ティッシュで拭く時間も惜しい。擦れて裾が丸まるTシャツもごわつくジーンズも邪魔だ。全部脱ぐと、祐次に覆いかぶさった。
「ユウジ」
名前を呼んだだけなのに、背中がゾクゾクした。
「鈴木さん、すごい顔してますよ」
「は?」
「すごいエロいです」
祐次は俺の頭を掴んでキスしてきた。
ヤツは舌で口の中を搔きまわすと、そのまま唇は耳に移って、首から肩に降りていく。
「もうちょっと上に来てください」
胸が祐次の顔くらいに来ると、祐次は俺の乳首を食んだ。歯を当てながら吸われると不覚にも背中が反った。横になろうとすると祐二の手が腰を抱く。
我慢しろってか。
反対側も同じように嬲られて、気持ちいいけどいい加減体重を支えている腕が痛くなってきた。
膝を祐次の股間にぐっと押し付ける。
「痛っ・・・」
勃ってたからな。
さ、今度はどうやって虐めてやろうか。
「鈴木さん、交代していいですか」
まあ、それもいいかもな。
頷くと祐次は起き上がって、首から腹にかけてキスを落としていき、それからちょっと俺の顔を見て、足の間に顔を埋めた。もう勃っていたソレに下から上へ舌が伝う。背中に小さな稲妻が走った。
「イイんですか」
「ん、先の方咥えて。全部入れるよりそっちのがいい」
「わかりました」
祐次はニヤっとした。随分ヤラシイ顔するようになったな。
亀頭全体が口に包まれて、転がすように舌で弄ばれる。声が出そうで、代わりに深く息を吸って吐いた。

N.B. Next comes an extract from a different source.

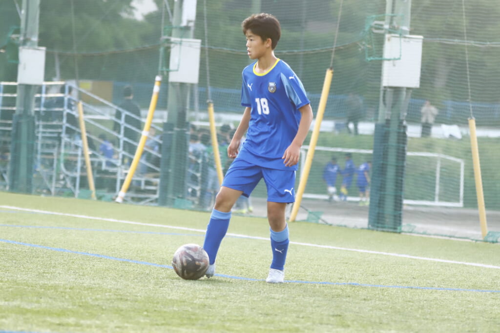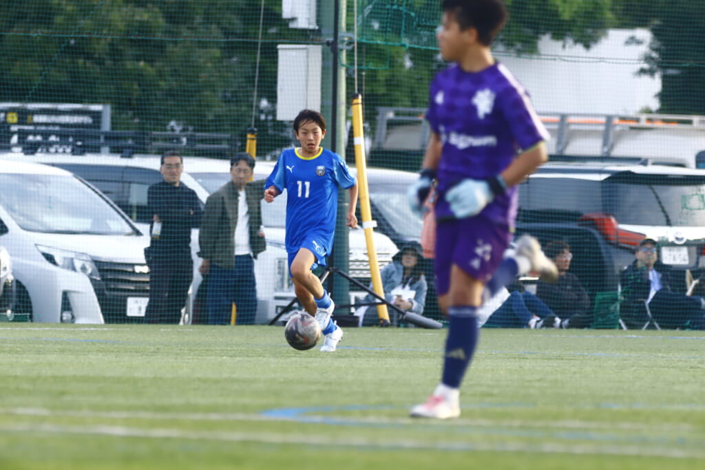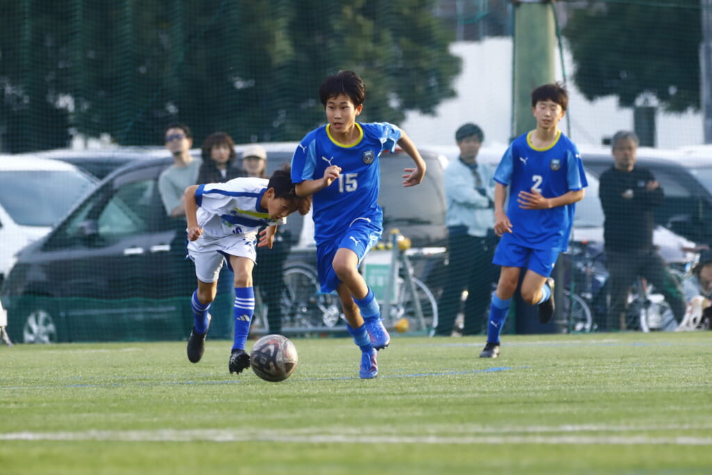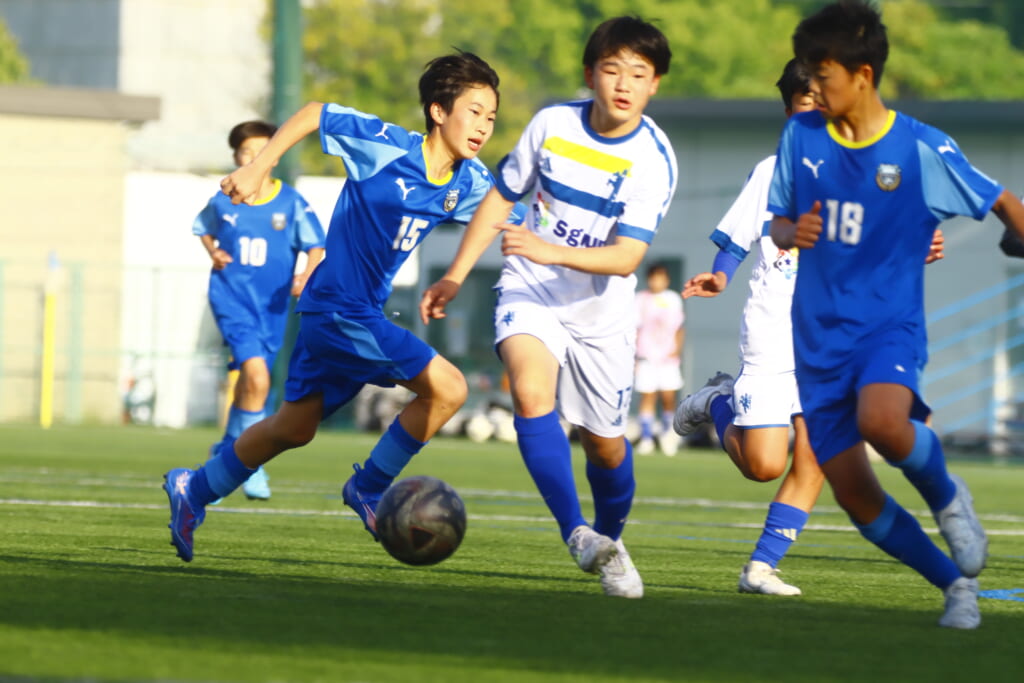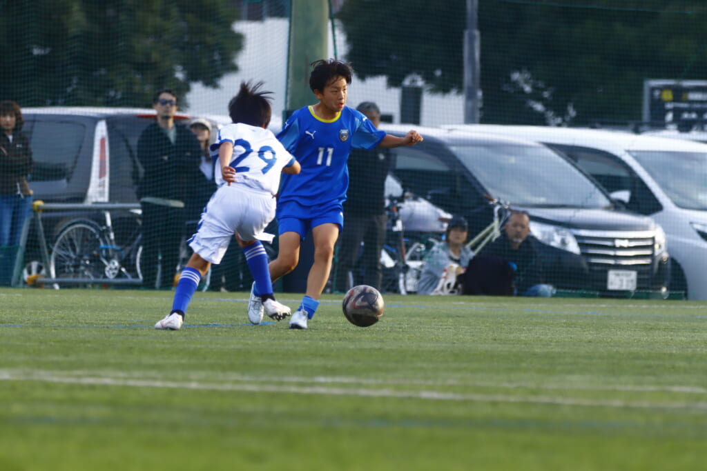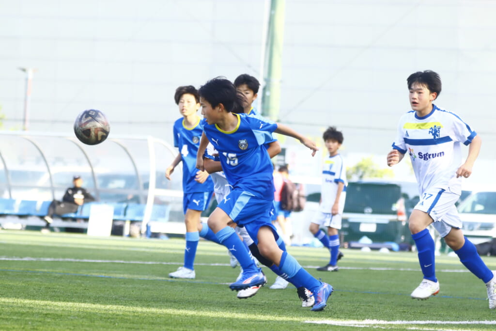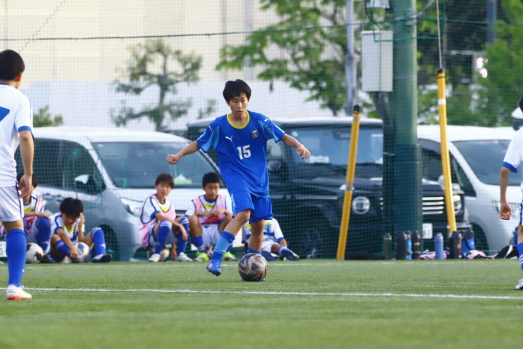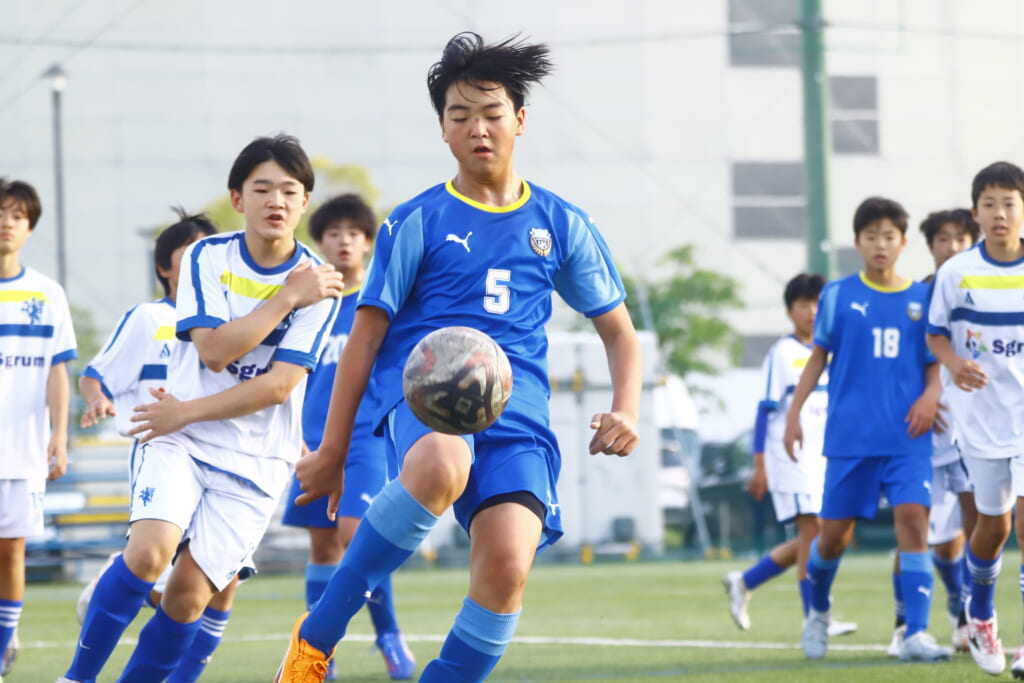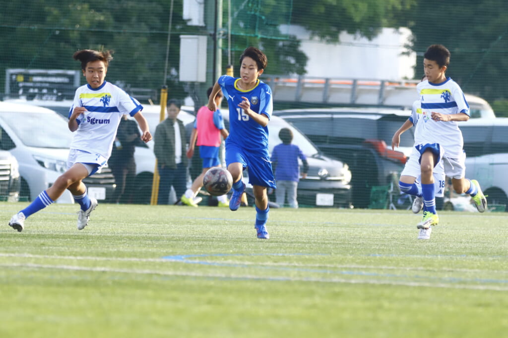 5分には、左サイドでのスローインの流れから鈴木が正面への仕掛け。アスミジュニアユースが対応したところ、さらにボールをつないでいくフロンターレ等々力、

下の方も手で擦られると、久しぶりだからかもうイキそうになる。
と、急に先が空気に晒されてヒヤリとした。
何で離すんだコラ。
「我慢してくださいね」
お返しです、とニコリとする。
この野郎。ホントヤラシイ奴になったな。
仕返しに祐次の身体をベッドに倒してやる。
お互いを食い合うようなセックスは、時間ギリギリまで続けられた。
「あーあ、スーツぐしゃぐしゃ」
祐次と俺は駅まで一緒に歩いた。祐次のスーツはシワクチャになっている。
「でも、スッキリしました。就活でストレスヤバくて」
そうそう。それでいいんだ。
セックスでストレス発散して何が悪い。
「じゃあまた」
改札をくぐる祐次は晴れ晴れとした顔だった。
ちゃんと勉強して就活して身体を動かして発散して、祐次はめちゃくちゃ健全なヤツだと俺は思う。